=== Given records ===

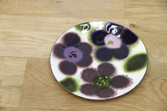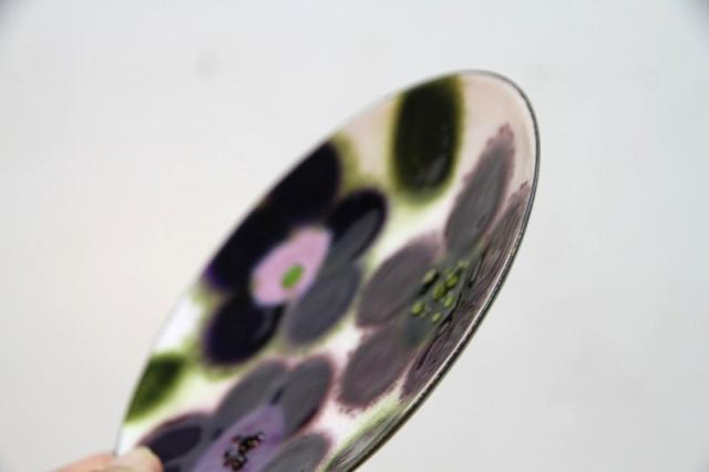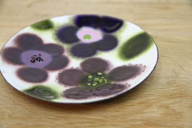 アメリカ、カリフォルニア州で作られた陶器のお皿。お花柄のデザインが特徴的で、焼き物ならではの優しい色使いも魅力的です。
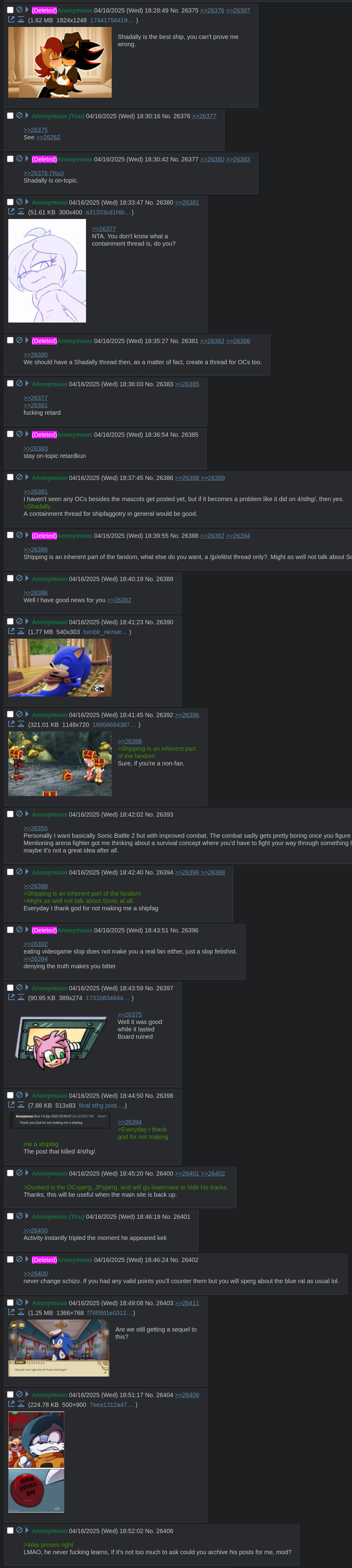 Welcome to Sonic the Hedgehog General! Here we discuss ALL things Sonic!/sthg/ #9142 - Sonic.exe was already referenced in the games Edition==NEWS==>Sonic the Hedgehog's 35th anniversaryhttps://www.sega.com/sonic-the-hedgehog?tab=35th-anniversary>Sonic the Hedgehog 4 to release on March 19, 2027https://x.com/SonicMovie==Comic Release Dates==Sonic the Hedgehog #85 - 11 March 2026Sonic the Hedgehog #86 - 08 April 2026DC x Sonic the Hedgehog: Metal Legion #1 - 06 May 2026Sonic the Hedgehog #87 - 13 May 2026Sonic the Hedgehog x Godzilla #1 - Summer 2026Sonic the Hedgehog: 35th Anniversary Special - 15 December 2026==GENERAL INTEREST LINKS==https://rentry.org/sthglinks>Milestone pastebin:https://pastebin.com/LJCfZhY4>Sonic Game/Mod Recommendation Spreadsheet:https://rentry.org/sthglinks#sonic-gamemod-recommendation-spreadsheet>Perfect System Collection:https://rentry.org/sthglinks#perfect-system-collection>Sonic comic scans:https://rentry.org/sthglinks#comics>Sonic shows:https://rentry.org/sthglinks#shows>SAGEhttps://sagexpo.org/>SHChttps://shc.zone/>#10000 Projecthttps://pastebin.com/Fb8Bt4ru>/sthg/ booru:https://sthg.booru.org/>/sthg/ OC info:https://sthgoc.tumblr.com/archive/>/sthg/ CyTube:https://cytube/r/sthg>/sthg/ Pixel World:https://ourworldofpixels.com/sthgPrevious thread:>>559915006
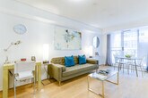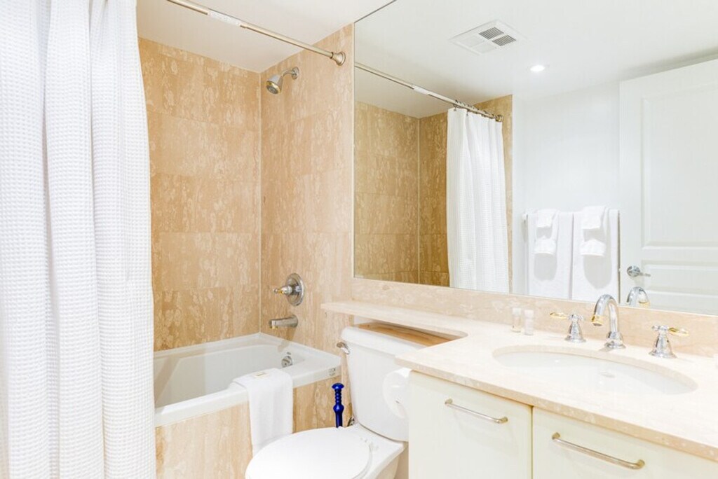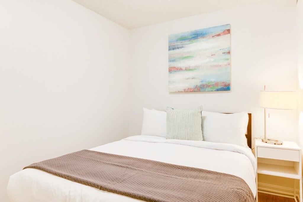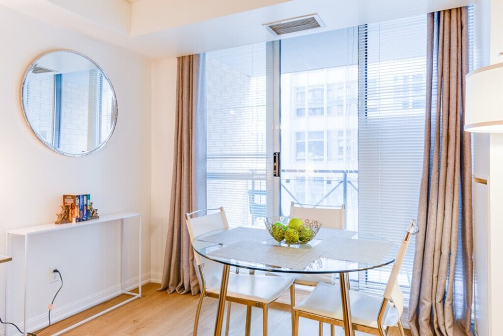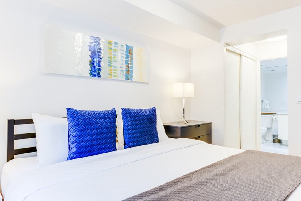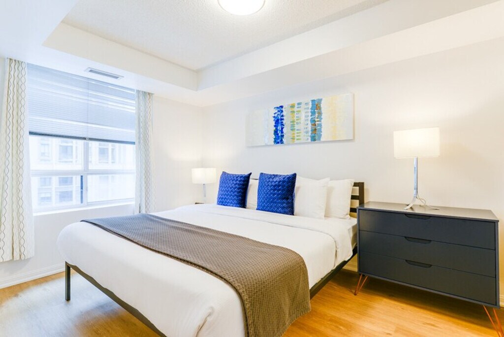 Feel at home in this modern, furnished 2-bedroom and 2-bathroom condominium located just steps from all major downtown Toronto hotspots. With the TTC at your door, this suite offers a king-size bed in the main bedroom and a queen bed in the second bedroom, comfortably sleeping up to four guests. The suite is equipped with a full kitchen and in-suite laundry, ensuring convenience and comfort for a minimum stay of 30 days. This apartment boasts a prime downtown location, just steps away from the Financial and Entertainment districts, shopping, and restaurants, and is conveniently located across the street from the subway. The suite is meticulously cleaned, with high-touch surfaces sanitized and cleaners and disinfectants approved by global health agencies used throughout. Extra cleaning supplies are provided for your convenience. Parking is not included. Please reach out for availability and rates. Interim housekeeping services are also not included but can be arranged upon request for an additional fee. A starter kit with essentials such as soap, shampoo, dishwasher and laundry pods, toilet paper, and paper towels is provided to help you settle in, with replenishment as needed. Located in the heart of downtown Toronto, this apartment offers unparalleled access to the city's vibrant Financial and Entertainment districts. With shopping, dining, and the subway just steps away, you'll have everything you need right at your doorstep. The apartment features a 24/7 staffed security desk for your peace of mind. Note that there is a no parties and no smoking policy in place.
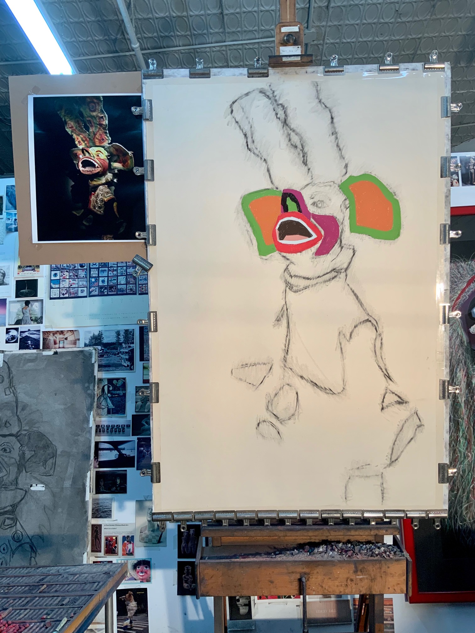 Start/Finish of ”Impresario,” soft pastel on sandpaper, 58” x 38” image, 70” x 50” framed
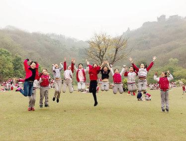 孩子们有说有笑在大自然的怀抱中,他们像一群放飞的小鸟自由地翱翔,在草地上尽情地玩耍嬉戏。瞧,可爱的低段的孩子们,他们和老师一起玩老鹰捉小鸡、捉迷藏、摔跤、打滚,或者什么也不做就傻傻地躺在草地上,呼吸着花草树木的芳香,闻着泥土的气息,好不惬意。
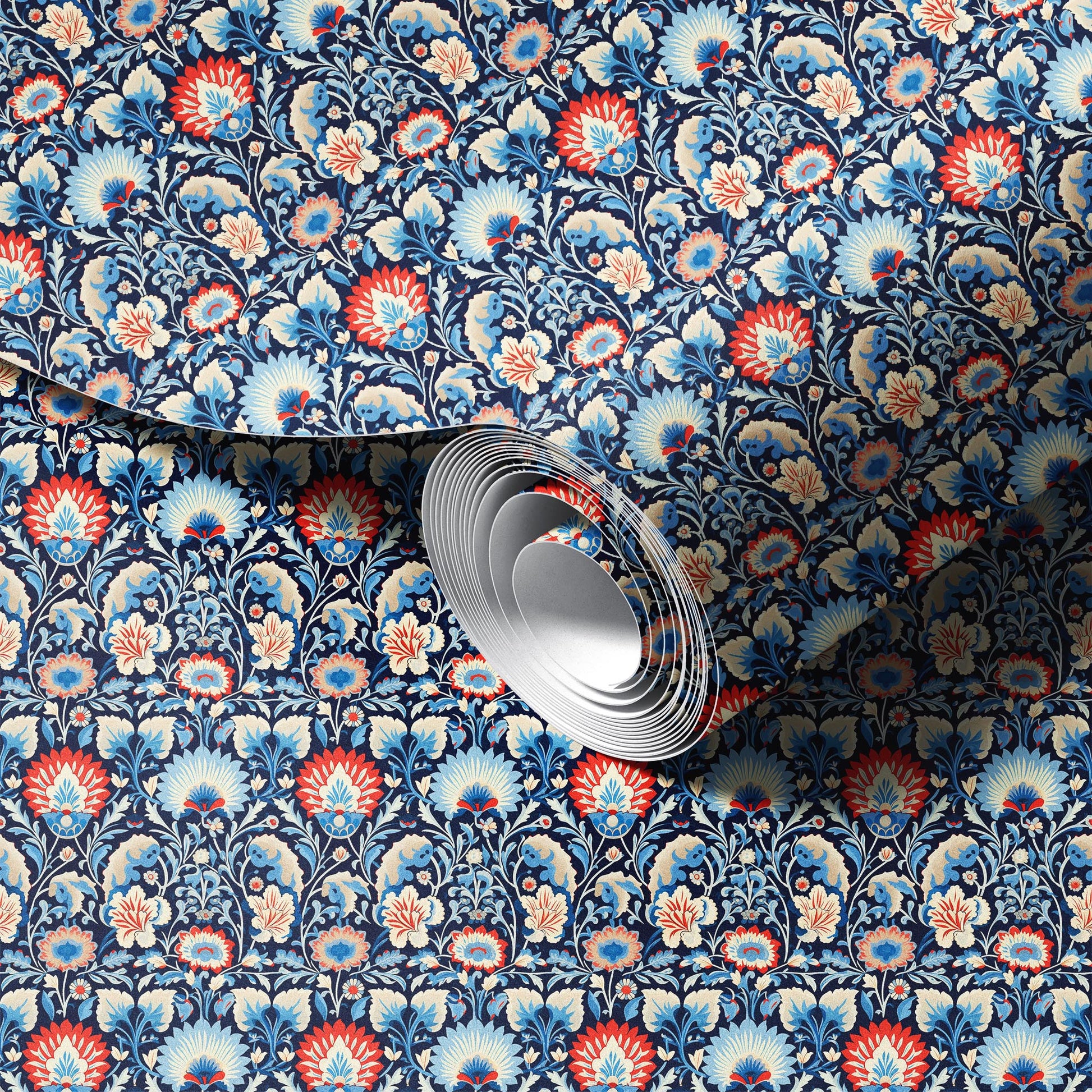 Art Deco Red and Blue Flowers Wallpaper

===

▶ [Problem statement] The entries above are to be retyped exactly, with each picture left out.

▶ [Response to the exercise]
 アメリカ、カリフォルニア州で作られた陶器のお皿。お花柄のデザインが特徴的で、焼き物ならではの優しい色使いも魅力的です。
 Welcome to Sonic the Hedgehog General! Here we discuss ALL things Sonic!/sthg/ #9142 - Sonic.exe was already referenced in the games Edition==NEWS==>Sonic the Hedgehog's 35th anniversaryhttps://www.sega.com/sonic-the-hedgehog?tab=35th-anniversary>Sonic the Hedgehog 4 to release on March 19, 2027https://x.com/SonicMovie==Comic Release Dates==Sonic the Hedgehog #85 - 11 March 2026Sonic the Hedgehog #86 - 08 April 2026DC x Sonic the Hedgehog: Metal Legion #1 - 06 May 2026Sonic the Hedgehog #87 - 13 May 2026Sonic the Hedgehog x Godzilla #1 - Summer 2026Sonic the Hedgehog: 35th Anniversary Special - 15 December 2026==GENERAL INTEREST LINKS==https://rentry.org/sthglinks>Milestone pastebin:https://pastebin.com/LJCfZhY4>Sonic Game/Mod Recommendation Spreadsheet:https://rentry.org/sthglinks#sonic-gamemod-recommendation-spreadsheet>Perfect System Collection:https://rentry.org/sthglinks#perfect-system-collection>Sonic comic scans:https://rentry.org/sthglinks#comics>Sonic shows:https://rentry.org/sthglinks#shows>SAGEhttps://sagexpo.org/>SHChttps://shc.zone/>#10000 Projecthttps://pastebin.com/Fb8Bt4ru>/sthg/ booru:https://sthg.booru.org/>/sthg/ OC info:https://sthgoc.tumblr.com/archive/>/sthg/ CyTube:https://cytube/r/sthg>/sthg/ Pixel World:https://ourworldofpixels.com/sthgPrevious thread:>>559915006
 Feel at home in this modern, furnished 2-bedroom and 2-bathroom condominium located just steps from all major downtown Toronto hotspots. With the TTC at your door, this suite offers a king-size bed in the main bedroom and a queen bed in the second bedroom, comfortably sleeping up to four guests. The suite is equipped with a full kitchen and in-suite laundry, ensuring convenience and comfort for a minimum stay of 30 days. This apartment boasts a prime downtown location, just steps away from the Financial and Entertainment districts, shopping, and restaurants, and is conveniently located across the street from the subway. The suite is meticulously cleaned, with high-touch surfaces sanitized and cleaners and disinfectants approved by global health agencies used throughout. Extra cleaning supplies are provided for your convenience. Parking is not included. Please reach out for availability and rates. Interim housekeeping services are also not included but can be arranged upon request for an additional fee. A starter kit with essentials such as soap, shampoo, dishwasher and laundry pods, toilet paper, and paper towels is provided to help you settle in, with replenishment as needed. Located in the heart of downtown Toronto, this apartment offers unparalleled access to the city's vibrant Financial and Entertainment districts. With shopping, dining, and the subway just steps away, you'll have everything you need right at your doorstep. The apartment features a 24/7 staffed security desk for your peace of mind. Note that there is a no parties and no smoking policy in place.
 Start/Finish of ”Impresario,” soft pastel on sandpaper, 58” x 38” image, 70” x 50” framed
 孩子们有说有笑在大自然的怀抱中,他们像一群放飞的小鸟自由地翱翔,在草地上尽情地玩耍嬉戏。瞧,可爱的低段的孩子们,他们和老师一起玩老鹰捉小鸡、捉迷藏、摔跤、打滚,或者什么也不做就傻傻地躺在草地上,呼吸着花草树木的芳香,闻着泥土的气息,好不惬意。
 Art Deco Red and Blue Flowers Wallpaper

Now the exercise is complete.